Wednesday, April 9, 2008

PPD Prevention: Building a Support System

When possible, prevention is always the best medicine. Studies have shown that new mothers with a strong social support system in place are at much lower risk of developing significant postpartum depression than those who do not have this kind of support. At Postpartum Support International they have an essay written by RN and BSN Carolyn White entitled How You can Build Your Own Social Support Network which presents a thorough easy to understand guide to building and maintaining your social support system including surveys that you can complete to examine how you as a new mother are feeling about your experience.

The author and PSI do make it clear that this essay is meant to be preventative and that if you are currently experiencing PPD or other severe emotional symptoms, it is imperative that you consult a professional in order to receive adequate care. New mothers who are already having emotional difficulties may be too stressed out to try to begin to employ these strategies, and the thrust of the essay is the importance of reaching out and asking for help which is what they suggest current struggling new mothers do albeit in a different way.

This essay is an interesting read with information that could be applied to the lives of people from all walks of life. White begins her How-To guide with five steps that anyone regardless of pregnancy status could benefit from.
Below are five steps that will aid you in the process of developing a healthier network: taking stock of social support, naming names for social support, asking for help, persevering in support and keeping reciprocity in mind.

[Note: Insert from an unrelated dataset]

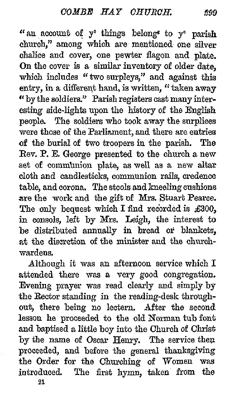 Page 318 History of the church of Combe Hay, Bath.

Finally, and perhaps most importantly, in her conclusion White stresses the fact that you should not feel guilty for any negative feelings you have with regard to motherhood. She also illustrates the importance of taking care of yourself in order to offer your baby the best mothering possible.
Make time and energy now to reach out to the support system you already have in place or to begin building and enhancing your support network. By taking one small step at a time you can create a little victory for yourself everyday. Getting what you need enhances your ability to give to your baby. You and your whole family will be off to a healthier start.

Having a social support system is very important period, but especially during a trying experience such as new motherhood. It's a continuing theme in my posts about PPD but I can't help it. PPD is shrouded in unnecessary shame and secrecy and just the knowledge that you are not alone can be a big help in recovering. So hold your head up high, speak out, reach out, ask for help, share your story and remember:
You are not alone. You are not to blame.